1° La philosophie ne doit pas être négligée par les étudiants de l'Institut.
D'abord, pour leur culture personnelle - motif auquel, Dieu merci, certains ne sont pas
insensibles... Sans réflexion philosophique, on aboutit, soit aux fantaisies rhétoriques, soit à la
barbarie techniciste (v. le « Meilleur des Mondes », d'A. Huxley). Ensuite, utilitairement, ceux qui
veulent préparer l'E.N.A. doivent savoir que souvent les conversations avec le jury prennent un
tour philosophique. (C'est pourquoi on introduit en 4e année un enseignement sur cette matière).
Plus particulièrement, il y a une philosophie politique, d'importance considérable : Platon,
Rousseau, Hégel, Marx, Sartre, Raymond Aron, etc.
2° Quelques notions fondamentales pour comprendre lse grandes doctrines. Le foisonnement de
celles-ci ne doit pas cacher les constantes, les grandes lignes de force.
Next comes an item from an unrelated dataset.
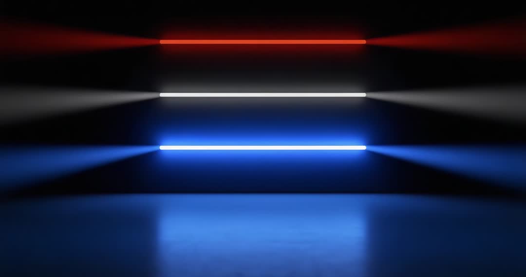 AI Generated Image. This AI-generated video frame captures an array of three horizontal neon bars glowing brightly in a darkened room. Each bar produces a vivid beam in red, white, and blue hues, reflecting across the shiny surface below. The composition's symmetry and vibrant colors create a futuristic and modern atmosphere perfect for backgrounds in creative projects, digital media, or promotional content emphasizing innovation and technology.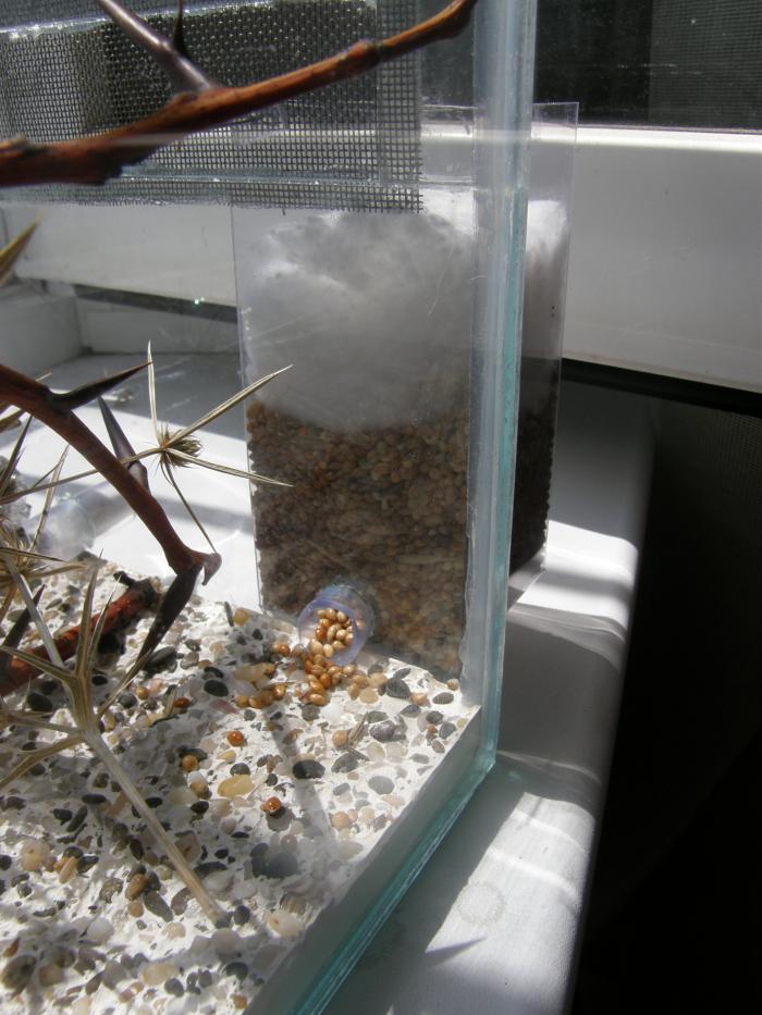 Одна колония переехала на новую арену,которую делать ещё не закончил,не хватило терпения.осталось доделать нужные мелочи,кормушку нормальную,ручки на съемные стёкла и некоторые декорации. Размер арены 150х150х500.

a) La distinction entre l'attitude réaliste et l'attitude idéaliste, au sens précis que ces mots prennent
en philosophie (v. un bon manuel de philosophie, ou un vocabulaire comme celui de Lalande).
Ceci concerne la théorie de la connaissance et la métaphysique, mais il y a une application
politique : certains auteurs considérant la société avant tout comme un fait, une donnée, qu'on peut
sans doute améliorer, mais qu'il faut d'abord prendre comme elle est (Aristote, Montesquieu,
Comte, Marx, Maurras) c'est le réalisme politique. D'autres s'occupent peu du fait, et ne s'attachent
qu'à réaliser à tout prix un idéal posé a priori (Rousseau, Brunschwig, Jaurès) c'est l'idéalisme
politique.
b) Rapports entre morale et politique.
En fait, trois attitudes possibles :
- Ou bien on interdit à la morale de s'occuper du politique (soit parce qu'on ne croit pas du tout à la
morale, soit qu'on la cantonne dans la conduite individuelle). C'est le Machiavélisme, idée et
pratique fort répandue.
- Ou bien on incorpore si totalement la politique à la morale qu'elle en devient une branche (sorte
de morale civique). C'est le « moralisme politique », ex : Brunetière, Marc Sangnier et le «
Sillon » et, dans une certaine mesure, l'école de Maritain.
- Ou bien on admet à la fois que la politique a un aspect technique irréductible à la morale, qu'elle
n'est identique à cette dernière ni dans son but ni dans ses moyens (contre le moralisme) ; mais
qu'elle est strictement subordonnée aux exigences morales dans son usage et ses réalisations (un
peu comme la médecine). C'est l'attitude d'un certain nombre de penseurs dont nous reparlerons en
diverses leçons.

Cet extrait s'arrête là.